The court first discussed the statute’s legislative purpose, noting that the prohibition against carrying concealed dirks and dagger was enacted to combat the dangers of concealed weapons.  People v. Mitchell (2012) 209 Cal.App.4th 1364, 1371.  By protecting concealment, third parties are protected from the risk of a surprise attack by someone carrying such a weapon.  Id.

The concealed dirk or dagger statute was formerly codified in section 12020.  Until January, 1994, there was no statutory definition of a dirk or dagger.  In 1993, the Legislature defined dirk or dagger to mean “a knife or other instrument with or without a handguard that is primarily designed, constructed, or altered to be a stabbing instrument designed to create great bodily injury or death.”  Penal Code § 12020(c)(24).

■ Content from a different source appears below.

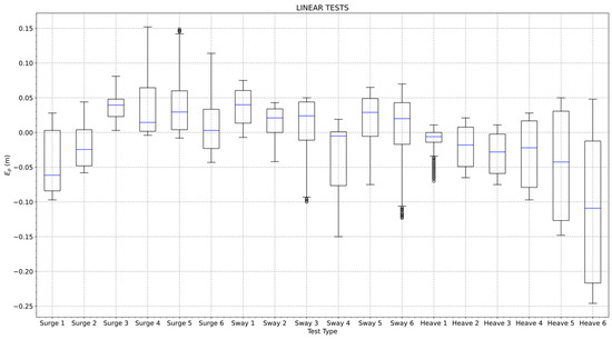 With the digital twin adjusted, a series of tests were performed to evaluate the effectiveness of the proposed solution. Figure 6 shows the position error (Ep) distribution for the linear validation tests, where the error values represent the difference between the real and simulated positions of the vehicle for each movement. Each group of boxplots corresponds to a specific linear motion: surge, sway, and heave. The tests consisted of six isolated movements along each axis, similar to those used during algorithm training, but with different amplitudes.
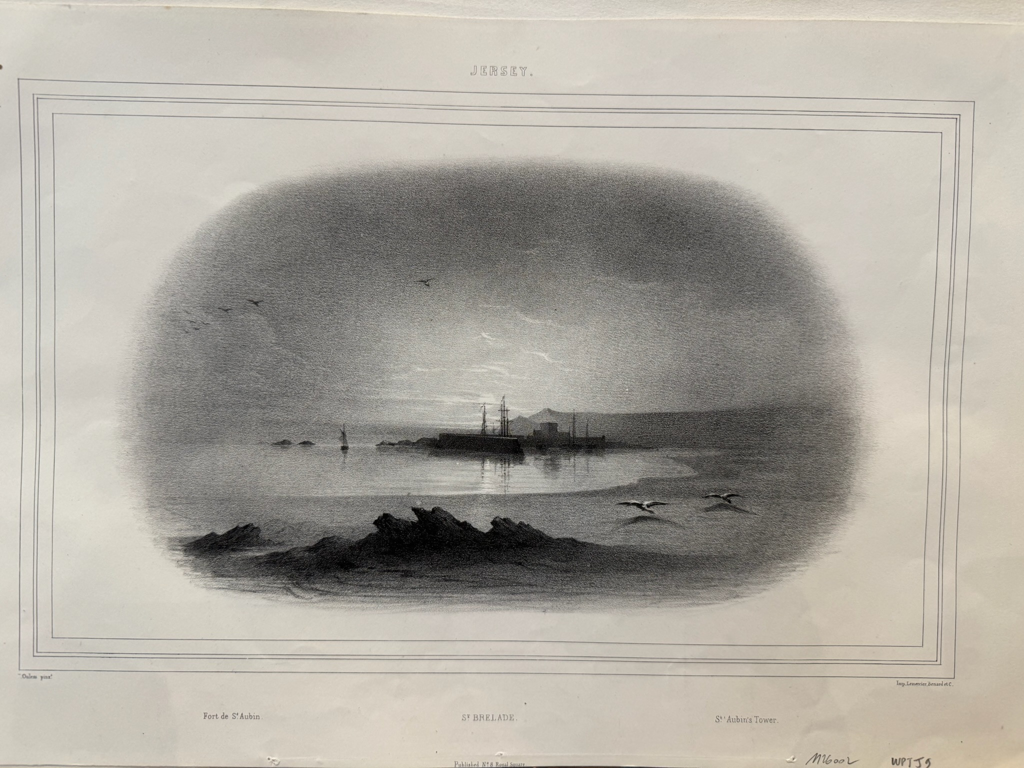 Lithographie originale représentant St Brelade, fort de St Aubin

This definition proved overly narrow, making it difficult for prosecutors to establish that the primary purpose of items such as butcher knives, hunting knives or ice picks was to cause great bodily injury or death when carried for potential use as a weapon.  Concerned that gang members carrying concealed, lethal knives were “essentially immune from arrest and prosecution,” the Legislature amended the statute in 1995, replacing “primarily designed, constructed or altered to be a stabbing instrument” to “capable of ready use as a stabbing weapon.”  People v. Rubalcava (2000) 23 Cal.4th 322 (rejecting a vagueness challenge to the dirk or dagger statute as unconstitutionally vague).

This new statute raised concerns that the new statute was too broad as applied to folding knives and pocket knives.  Id.  So, in 1997, the Legislature again amended the statute, this time to provide that folding knives and pocket knives would qualify as “capable of ready use as a stabbing weapon” only if the blade was exposed and locked into position.  People v. Castillolopez (2016) 63 Cal.4th 322, 327-328.

Section 12020 was later repealed and reenacted without substantive change as section 16470, the statute now challenged by Mr. Bermudez, with specific focus on the word “may” as he argued that this wording made the statute constitutionally vague.

The Third Appellate Court rejected this argument, citing back to Rubalcava where a similar argument was made to the California Supreme Court and rejected.

We present this article for the reader, as police will often cite or arrest someone for carrying a concealed dirk or dagger and clients usually have no idea what this law covers or why it is a crime at all.

The citation for the Third Appellate District Court ruling discussed above is People v. Adolfo Rodriguez Bermudez (3d App. Dist., 2019) 253 Cal. Rptr. 3d 197.